* _STORED DATA_
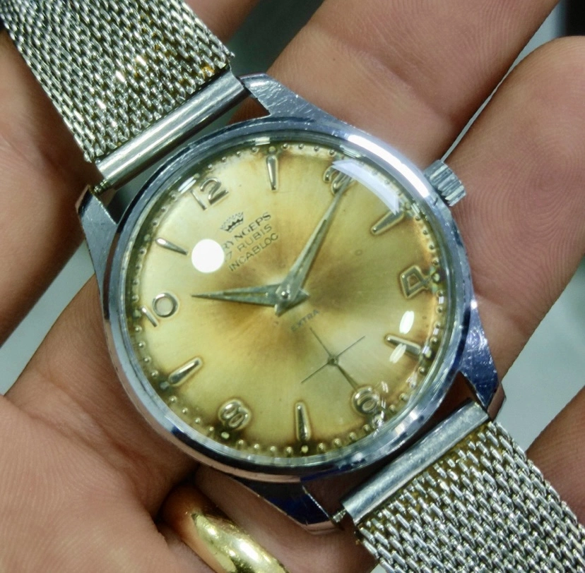I love the radium burn around the centre hand area as well as from the numeral dots which seem to have created a caramel halo effect. The bracelet needs a good clean but apart from that I absolutely love it.
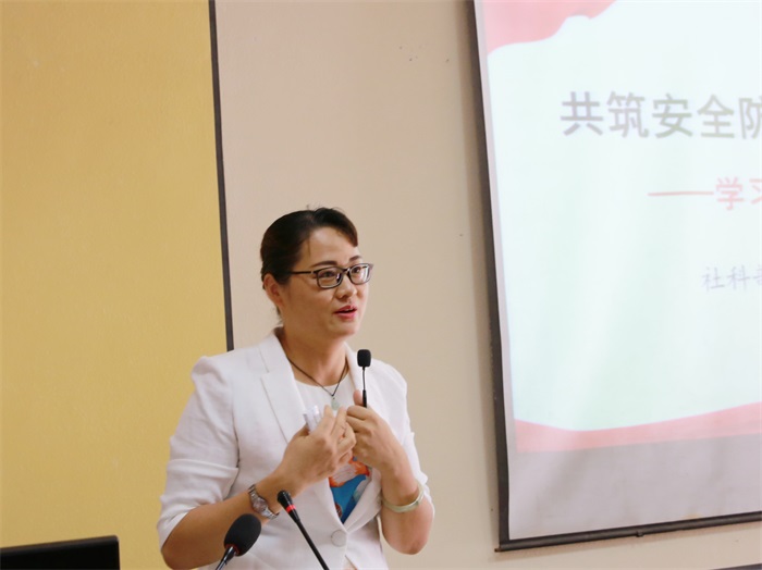 韩蓓丽副主任在总结发言中提到,国家安全不是模糊遥远的概念,而是明确的、具体的、细微的,与每个人都息息相关,国家安全教育是帮助师生增强安全意识,提高维护国家安全责任感和能力的重要平台。大家要认真领会主讲的内容,将理论知识转为指导工作实践的有力武器,进一步推动学校“不忘初心,牢记使命”主题教育,确保党的创新理论在学校落地生根。
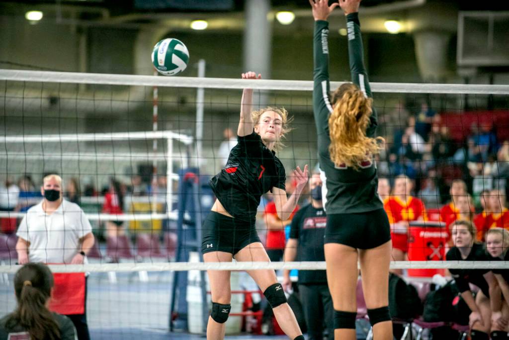ERIC TRENT | THE CHRONICLE Raymond’s Kyra Gardner scores a point off a kill against Walla Walla Academy in the 2B State Volleyball Tournament semifinals on Friday at the SunDome in Yakima.
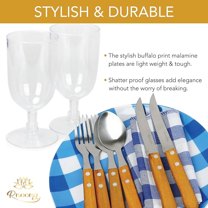 - Picnic basket with blanket is perfect for enjoying a picnic with 4 persons offers high-quality accessories with 4* Glasses, 4* Plates, 4* Forks/ knives/ Spoons, 4* Napkins Clothes, 2* Pepper Shakers, 1* Chopping Board, 1* Cheese knife, 1* Bottle-Opener, 1* Blanket

* _WORK ITEM_
When you reach a picture, pass over it; write out all other material exactly.

* _SOLUTION TO THIS EXERCISE_
I love the radium burn around the centre hand area as well as from the numeral dots which seem to have created a caramel halo effect. The bracelet needs a good clean but apart from that I absolutely love it.
 韩蓓丽副主任在总结发言中提到,国家安全不是模糊遥远的概念,而是明确的、具体的、细微的,与每个人都息息相关,国家安全教育是帮助师生增强安全意识,提高维护国家安全责任感和能力的重要平台。大家要认真领会主讲的内容,将理论知识转为指导工作实践的有力武器,进一步推动学校“不忘初心,牢记使命”主题教育,确保党的创新理论在学校落地生根。
ERIC TRENT | THE CHRONICLE Raymond’s Kyra Gardner scores a point off a kill against Walla Walla Academy in the 2B State Volleyball Tournament semifinals on Friday at the SunDome in Yakima.
 - Picnic basket with blanket is perfect for enjoying a picnic with 4 persons offers high-quality accessories with 4* Glasses, 4* Plates, 4* Forks/ knives/ Spoons, 4* Napkins Clothes, 2* Pepper Shakers, 1* Chopping Board, 1* Cheese knife, 1* Bottle-Opener, 1* Blanket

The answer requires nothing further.